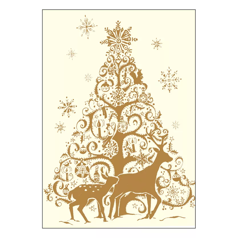 Carte de voeux double dessinée sur papier crème Original Crown Mill. Dessin doré. 11,5cm x 17cm.
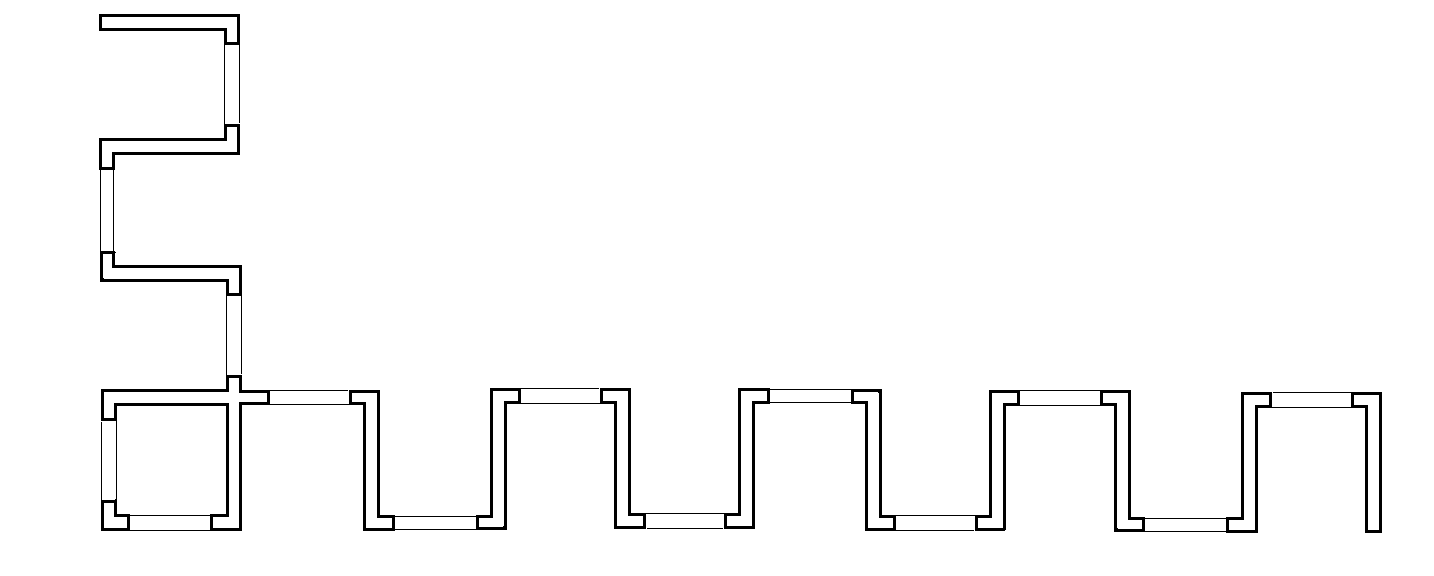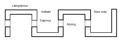Jeg bruger længdemure om murene i mæanderens længderetning og tværmure om murene på tværs af længderetningen, se figur 1:
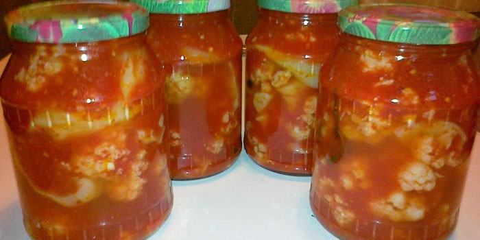 Смачний вітамінний салат з цвітної капусти на зиму виходить при поєднанні цього овоча з помідорами і морквою. Готувати його швидко і легко, а насолоджуватися смаком в холодну пору року будуть всі домочадці. Добре подавати разносол з відварною або смаженою картоплею, м’ясних і рибних виробом, до курки або індички. Тонкий пікантний смак відрізняє заготовку.
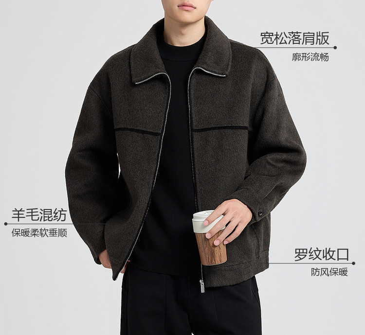 墨麦客男装美利奴羊毛翻领外套男士2025秋季新款结构感毛呢夹克男

○ ○ ○ ○

Directions:
Once the line containing "Смачний вітамінний салат" has been found, write out exactly that line and each one after it through the end of the data, leaving out every picture.

Solution:
 Смачний вітамінний салат з цвітної капусти на зиму виходить при поєднанні цього овоча з помідорами і морквою. Готувати його швидко і легко, а насолоджуватися смаком в холодну пору року будуть всі домочадці. Добре подавати разносол з відварною або смаженою картоплею, м’ясних і рибних виробом, до курки або індички. Тонкий пікантний смак відрізняє заготовку.
 墨麦客男装美利奴羊毛翻领外套男士2025秋季新款结构感毛呢夹克男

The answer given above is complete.